Вот цикл начинается снова. Все ясно. Это дрон, как шмель, кружит над народным любимцем…Жужжание не осталось не замеченным. Гений дипломатии крутится во все стороны, пытаясь разглядеть помеху…– да не тут -то было! Дрон близок, как насекомое, желающее вонзить жало…
На миг камера дрона направляется прямо в лицо отважного прорицателя современности. На дисплее отчетливо видно страх, переходящий в ужас…
Что видел перед собой почетный провидец будущего, этот непревзойденный футуролог настоящего? Одному богу известно…Но только перед наблюдателями его лицо сменилось геометрической фигурой, что на спине…Краснее еще краснее…Вот уже красный фон залил весь дисплей…он становится багровым, бардовым, фиолетовым, черным…И вот темнота накрыла дисплей, раздалось характерное пи-пи-пи…
– Батарейка сдохла, – сказал Митя так просто, будто предшествующие обстоятельства не значили ничего.

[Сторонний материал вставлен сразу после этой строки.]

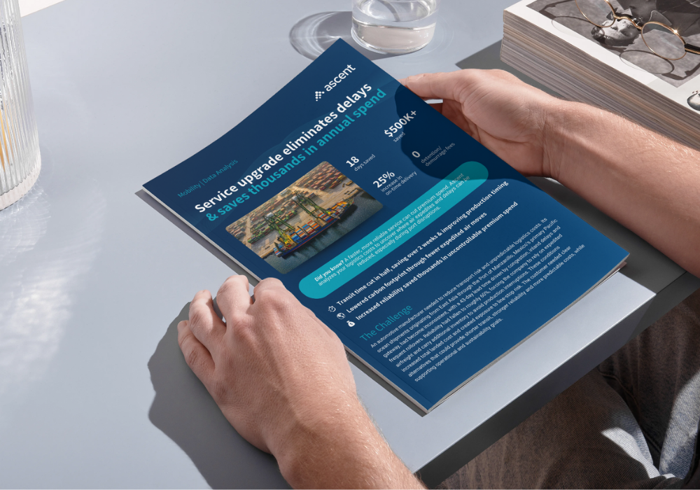 This mode shift delivered immediate gains. Transit time was cut in half, from 43 days to 25, while service reliability increased by at least 25%. Annual logistics spend on the single lane immediately dropped by over $500K, driven by reduced dependence on expedite air freight and lower inventory requirements, both of which supported the customer’s sustainability goals.
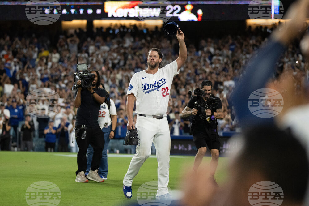 CORRECTS FROM FOURTH INNING TO FIFTH - Los Angeles Dodgers starting pitcher Clayton Kershaw (22) tips his cap after being removed during the fifth inning of a baseball game against the San Francisco Giants in Los Angeles, Friday, Sept. 19, 2025. (AP Photo/Kyusung Gong)

Илья схватил новоиспеченного товарища за грудки. Сам удивлялся, откуда брались вылетающие изо рта слова. Наверное, память предков проснулась.
– Оживляй, контра, своего ворона! Не то ответишь. Перед лицом народа будешь ответ держать за действия своего ворона!
– ГагарыМ…– хрипло вставил Митин голосок.
Илья отнял руки, сунул в расстройстве в карманы и нащупал пачку сигарет, которую обещал жене целой и невредимой привезти обратно в столицу. Пачка лопнула под жесткими пальцами. Сигареты рассыпались по линолеуму.
– Ты…ты хоть понимаешь, что произошло? А ну оживляй своего дрона ползучего.
«Может быть, еще не все потеряно», – мелькала докучливая мысль. Потерпев несколько минут, пока товарищ мучается с прогой, другими словами, страдает ерундой, Илья смял сигарету и скомандовал по-армейски привычное:
– Рота! Зарядить батареи! Ноги в лыжи – и айда!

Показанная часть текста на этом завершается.